The embodiments of the invention provide a kind of non-volatile computer readable storage medium storing program for executing, the computer-readable storage medium
Matter is stored with computer executable instructions, and the computer executable instructions are executed by one or more processors, such as in Fig. 8
One processor 81, may be such that said one or multiple processors can perform what the file in above-mentioned any means embodiment was read
Method, for example, performing method and step S601 in the method and step S501 to S506 in Fig. 5 described above, Fig. 6 to step
Method and step S701 to step S705 in S611, Fig. 7, realizes the module 401-405 in module 301-311, Fig. 4 in Fig. 3
Function.
The embodiments of the invention provide a kind of computer program product, when computer program is performed, above-mentioned is realized
The method of data storage in embodiment of the method for anticipating, for example, method and step S501 in Fig. 5 described above is performed to S506,
Method and step S701 to step S705 in method and step S601 to step S611 in Fig. 6, Fig. 7, realizes the module in Fig. 3
The function of module 401-405 in 301-311, Fig. 4.

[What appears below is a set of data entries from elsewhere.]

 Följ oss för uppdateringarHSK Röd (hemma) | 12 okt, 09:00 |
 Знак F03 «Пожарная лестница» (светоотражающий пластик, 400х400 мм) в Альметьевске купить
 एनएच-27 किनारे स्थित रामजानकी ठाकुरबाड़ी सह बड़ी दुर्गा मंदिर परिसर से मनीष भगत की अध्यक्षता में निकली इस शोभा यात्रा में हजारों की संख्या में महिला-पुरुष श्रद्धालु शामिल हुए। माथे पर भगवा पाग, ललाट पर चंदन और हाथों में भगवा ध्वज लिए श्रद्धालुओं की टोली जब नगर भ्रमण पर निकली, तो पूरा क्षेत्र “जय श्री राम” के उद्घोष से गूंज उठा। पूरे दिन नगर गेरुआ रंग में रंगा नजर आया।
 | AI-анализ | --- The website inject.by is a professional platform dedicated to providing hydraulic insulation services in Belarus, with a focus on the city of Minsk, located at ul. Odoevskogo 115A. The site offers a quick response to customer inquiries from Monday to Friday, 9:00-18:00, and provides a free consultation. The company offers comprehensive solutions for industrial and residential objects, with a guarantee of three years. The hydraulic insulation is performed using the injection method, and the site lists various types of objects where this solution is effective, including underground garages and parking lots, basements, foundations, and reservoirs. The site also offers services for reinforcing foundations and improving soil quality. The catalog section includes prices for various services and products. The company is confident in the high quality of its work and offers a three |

Device embodiment described above is only schematical, wherein the unit illustrated as separating component can
To be or may not be physically separate, the part shown as unit can be or may not be physics list
Member, you can with positioned at a place, or can also be distributed on multiple NEs.It can be selected according to the actual needs
In some or all of module realize the purpose of this embodiment scheme.

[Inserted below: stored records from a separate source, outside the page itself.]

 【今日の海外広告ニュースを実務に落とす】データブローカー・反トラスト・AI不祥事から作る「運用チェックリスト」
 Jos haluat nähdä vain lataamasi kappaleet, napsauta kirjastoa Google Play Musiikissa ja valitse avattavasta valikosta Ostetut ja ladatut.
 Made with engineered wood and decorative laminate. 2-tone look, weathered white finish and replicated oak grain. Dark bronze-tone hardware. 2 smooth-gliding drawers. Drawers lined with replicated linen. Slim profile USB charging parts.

The description of embodiment more than, those of ordinary skill in the art can be understood that each embodiment can be borrowed
The mode of software plus general hardware platform is helped to realize, naturally it is also possible to pass through hardware.Those of ordinary skill in the art can manage
Solution realizes that all or part of flow in above-described embodiment method can be by computer program to instruct the hardware of correlation
Complete, described program can be stored in a computer read/write memory medium, and the program is upon execution, it may include each as described above
The flow of the embodiment of method.Wherein, described storage medium can be magnetic disc, CD, read-only memory (Read-Only
Memory, ROM) or random access memory (Random Access Memory, RAM) etc..

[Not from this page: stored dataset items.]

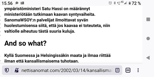 Lauantaina 4.3.2023. Ydinasevaltio Suomi. Lue! Perjantaina 3.3.2023. Arkisto. Maanantai 16.4.2007 klo 14.30. Pääministerikin lukee Nettisanomia! Suomalaiset herrasmiehet Matti Vanhanen ja Jyrki Katainen. Lue! Keskiviikkona 1.3.2023. Jotakin maaliskuussa 2000- 2022. Lue! Tiistaina 28.2.2023. Kalevalan päivän liputusta 2013 ja 2023. Kuvat Tiistaina 21.2.2023. Tähän on tultu. Putin: Venäjä jäädyttää ydinasesopimuksen tai lopettaa noudattamisen. Lue! |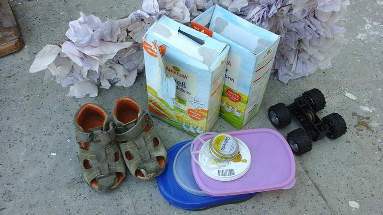 повторюсь за многими-крышки :), стёртые детские босоножки, гафрированая единичка, старые детские каши, остаток от машинки.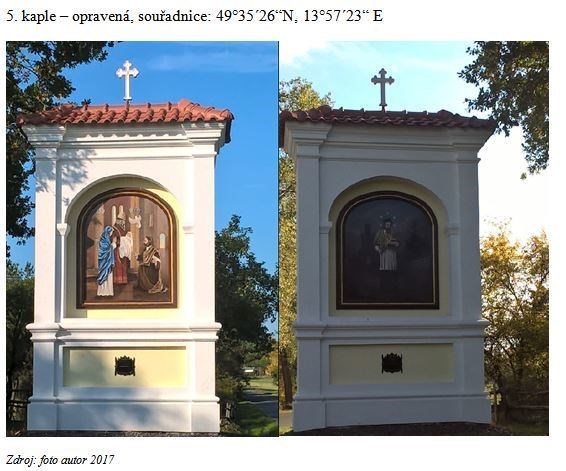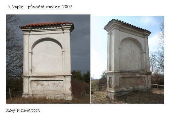 5. kaple – Stojí v katastru Chrást („Pod Chrástem“). Vystavěl ji Hynek Vrábský z Vrábí, pán na Drahenicích, původně byla na kapli zobrazena jednotlivá zastavení modlitby I. růžence radostného – Obětování Páně, v roce 2015 namaloval z jedné strany nový obraz Lubomír Pešek a druhý (tentýž autor) roku 2017 (nepodařilo se zjistit, jaká vyobrazení byla na severní straně kaple, proto byly zvoleny obrazy světců), (Nadační fond pro Březnici 2017).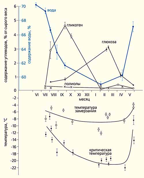 Содержание углеводов и воды (вверху) у рабочих особей F.exsecta существенно меняется от лета к зиме, обеспечивая лишь невысокую холодоустойчивость этого вида. На температурном поле кружочками со штрихами обозначены средние значения и дисперсия показателя в разных гнездах.Таким образом, биохимические основы защиты от холода в основных чертах задаются родовым уровнем. Однако принадлежность к роду и даже подроду, по-видимому, определяет адаптивную стратегию холодоустойчивости конкретного вида далеко не полностью. Три вида - F.lemani, F.picea и F.gagatoides, относящиеся к одному подроду (Serviformica) и обитающие здесь в нехарактерных в целом для рода условиях [6], - имеют, между тем, крайне различную холодоустойчивость. У F.lemani, F.picea она весьма “средняя” (по отношению ко всему диапазону холодоустойчивости изученных видов); у F.gagatoides достигает столь значительных величин, что оказывается близкой к таковой у представителей рода Myrmica, обладающих иной биохимической обеспеченностью.В целом же наши муравьи используют три адаптивных стратегии к низким температурам зимовки. У С.herculeanus, L.acervorum и L.muscorum все построено на физиолого-биохимических возможностях - очень высокая устойчивость к холоду обеспечивается накоплением антифризов, что позволяет им зимовать непосредственно у поверхности почвы. В основе адаптивного пути второй группы (F.gagatoides, M.kamtschatica и M.bicolor) - компенсация недостаточности физиолого-биохимических возможностей поведенческими адаптациями. Эти муравьи могут жить где угодно, устраивая зимовочные камеры поглубже. Третья группа, включающая наиболее чувствительные к холоду виды из рода Formica, существует лишь в особых, благоприятных для них условиях, складывающихся в небольшой группе местообитаний; ее физиолого-биохимические возможности невелики. Таким образом, хотя физиолого-биохимическая основа задается на уровне рода, адаптивная стратегия видов сугубо индивидуальна и осуществляется различными сочетаниями физиолого-биохимических и поведенческих механизмов *. В ряде случаев интегральные адаптивные возможности представителей разных родов могут быть практически одинаковы.

Finally it should be noted that:The above embodiments are merely illustrative of the technical solutions of the present invention, rather than its limitations;At this
Under the thinking of invention, it can also be combined between the technical characteristic in above example or non-be the same as Example, step can be with
Realized with random order, and there are many other changes of the different aspect of the present invention as described above, for simplicity, they do not have
Have and provided in details;Although the present invention is described in detail with reference to the foregoing embodiments, the ordinary skill people of this area
Member should be understood:It can still modify to the technical scheme described in foregoing embodiments, or to which part skill
Art feature carries out equivalent substitution;And these modifications or replacement, the essence of appropriate technical solution is departed from each reality of the invention
Apply the scope of a technical scheme.
It should be noted that the preferred embodiment of the present invention is given in the specification and its accompanying drawing of the present invention, still,
The present invention can be realized by many different forms, however it is not limited to the embodiment described by this specification, these embodiments
There is provided the purpose of these embodiments it is to make the understanding to the disclosure not as the extra limitation to present invention
It is more thorough comprehensive.Also, above-mentioned each technical characteristic continues to be mutually combined, the various embodiments not being enumerated above are formed,
It is considered as the scope of description of the invention record;Further, for those of ordinary skills, can be according to the above description
Improved or converted, and all these modifications and variations should all belong to the protection domain of appended claims of the present invention.